Olivier Père

Phenomena de Dario Argento

Phenomena fait partie des six longs métrages de Dario Argento réédités en salles par Les Films du Camélia à partir du 27 juin, avec L’Oiseau au plumage de cristal, Le Chat à neuf queues, Les Frissons de l’angoisse, Suspiria et Opera.

Réalisé en 1984, Phenomena fut sous-estimé par les fans français de Dario Argento à sa sortie. Ils reprochaient à leur réalisateur préféré d’avoir invité des groupes de hard rock, et Bill Wyman, à participer à la bande originale, tonitruante, aux côtés des habituels Goblin. Ils l’accusaient aussi d’avoir cédé aux facilités du « slasher » américain en proposant une intrigue plus conventionnelle que ses films précédents. Il n’y a rien de plus faux. Phenomena propose une approche très originale, et toujours aussi européenne, du cinéma criminel et fantastique. Argento situe l’action de son film en Suisse allemande, dont il restitue l’ambiance clinique et froide, en inventant une nouvelle forme de terreur blanche. Dans un collège près de Zurich, une jeune fille capable de communiquer avec les insectes retrouve la trace d’un assassin sadique.
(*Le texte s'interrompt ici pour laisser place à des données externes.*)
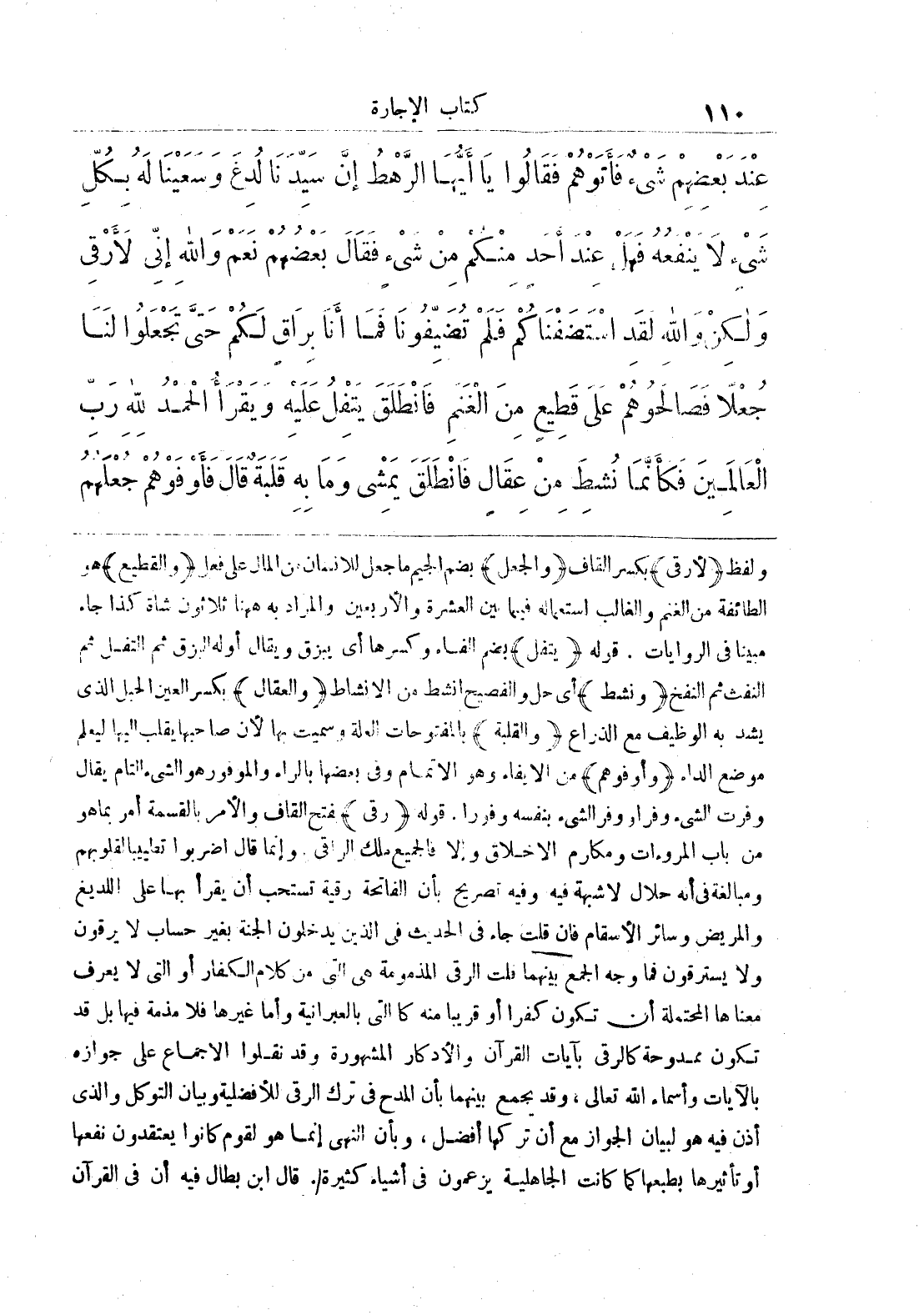 ولفظ ((لأرقي)) بكسر القاف ((والجعل)) بضم الجيم ما جعل الإنسان من المال على فعل ((والقطيع)) هو الطائفة من الغنم والغالب استعماله فيها بين العشرة والأربعين والمراد به ههنا ثلاثون شاة كذا جاء مبينا في الروايات. قوله ((يتفل)) بضم الفاء وكسرها أي يبزق ويقال أوله البزق ثم التفل ثم النفث ثم النفخ ((ونشط) أي حل والفصيح أنشط من الانشاط ((والعقال)) بكسر العين الحبل الذي يشد به الوظيف مع الذراع ((والقبلة)) بالمفتوحات العلة وسميت بها لأن صاحبها يقلب إليها ليعلم موضع الداء ((وأوفوهم)) من الإيفاء وهو الإتمام وفي بعضها بالراء والموفور هو الشيء التام يقال وفرت الشيء وفرا ووفر الشيء بنفسه وفورا. قوله ((رقى)) بفتح القاف والأمر بالقسمة أمر بما هو من أبا المروءات ومكارم الأخلاق وإلا فالجميع ملك الراقي. وإنما قال اضربوا تطييبا لقلوبهم ومبالغة في أنه حلال لا شبهة فيه وفيه تصريح بأن الفاتحة رقية تستحب أن يقرأ بها على اللديغ والمريض وسائر الأسقام فان قلت جاء في الحديث في الذين يدخلون الجنة بغير حساب لا يرقون ولا يسترقون فما وجه الجمع بينهما قلت الرقي المذمومة هي التي من كلام الكفار أو التي لا يعرف معناها المحتملة أن تكون كفرا أو قريبا منه كالتي بالعبرانية وأما غيرها فلا مذمة فيها بل قد تكون ممدوحة كالرقي بآيات القرآن والأذكار المشهورة وقد نقلوا الإجماع على جوازه بالآيات وأسماء الله تعالى، وقد يجمع بينهما بأن المدح في ترك الرقي للأفضلية وبيان التوكل والذي أذن فيه هو لبيان الجواز مع أن تركها أفضل، وبأن النهى إنما هو لقوم كانوا يعتقدون نفعها أو تأثيرها بطبعها كما كانت الجاهلية يزعمون في أشياء كثيرة. قال ابن بطال فيه أن في القرآن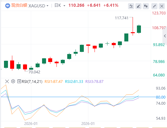 从图中可见,价格自低位起涨后,整体保持强势上行,中间有过震荡调整,但价格再次拉升并创新高直达117.65附近,随后价格在美盘末端快速回落,测试均线MA60后快速回弹,这表明多头动能并未消散,价格在测试前期震荡区间后空头出场,同时布林带下轨目前对价格同样具有支撑作用,CCI指标在超卖区间附近拐头向上,或预示行情有进一步上行的机会。操作上建议逢低布局多单思路为主。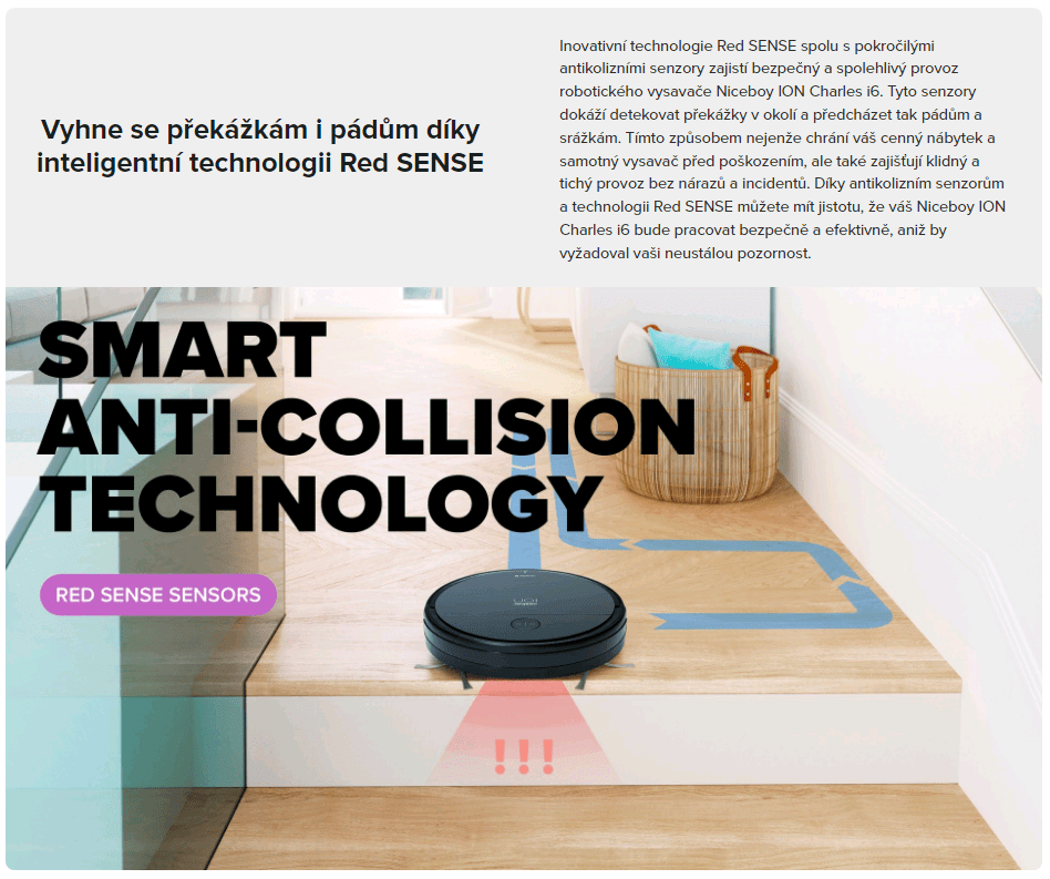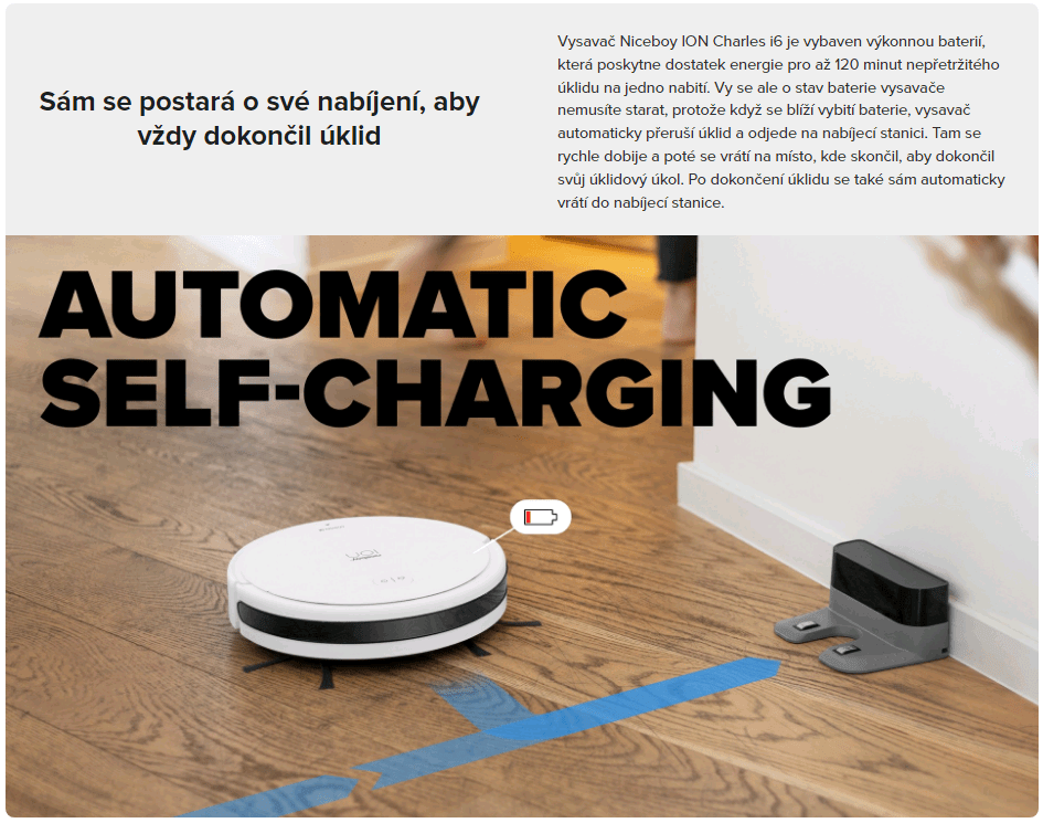 Niceboy ION Charles i6 je inovativním robotickým vysavačem, který se postará o komplexní úklid všech podlah v domácnosti. Podlahy nejenže důkladně vysaje, ale díky funkci mopování také rovnou vytře. Tento vysavač využívá gyroskopický navigační systém pro efektivní plánování tras a jeho chytré senzory zabrání kolizím a pádům. Navíc je vybavený pokročilým filtračním systémem s technologií MAX Clean, která účinně eliminuje veškeré nečistoty i alergeny. Celý úklid navíc odbavíte pohodlně ze svého mobilního telefonu díky propojení vysavače s aplikací Niceboy ION.

Cette idée de départ insolite bien que basée sur une réalité scientifique donne naissance à des images stupéfiantes et poétiques. Visuellement superbe, Phenomena est le portrait d’une adolescente pour qui la transformation en femme va passer par une série d’épreuves cruelles et dangereuses, mais dont elle sortira triomphante.

Phenomena marque un tournant dans la carrière du cinéaste italien, qui puise comme à son habitude dans le cinéma expressionniste et les productions de Val Lewton (une scène entière est calquée sur l’introduction de La Malédiction des hommes chats), mais délaisse les outrances baroques et sanglantes d’Inferno ou Ténèbres et oriente son film du côté de Lewis Carroll et du conte de fée, malgré des scènes de meurtres violents comme d’habitude. Sa frêle héroïne, qui possède la beauté lunaire d’une Jennifer Connelly adolescente (elle avait été remarquée par Argento dans le film de son ami Sergio Leone Il était une fois en Amérique) traverse en somnambule un univers terrifiant peuplé d’humains monstrueux et d’animaux bienveillants. Argento compose avec les éléments naturels (l’eau, le vent, la nuit, la forêt) un fascinant jeu de piste onirique, traversé de pièges, d’énigmes visuelles et d’instants magiques. Si Phenomena est aussi beau, c’est aussi grâce à son interprète principale, d’une grâce juvénile extraordinaire.

Lors de sa sortie dans les salles françaises le 12 juin 1985, Phenomena avait été expurgé de quelques images particulièrement violentes. Cette réédition devrait permettre de le redécouvrir dans sa version intégrale, plus fidèle à l’imagination sadique de son auteur.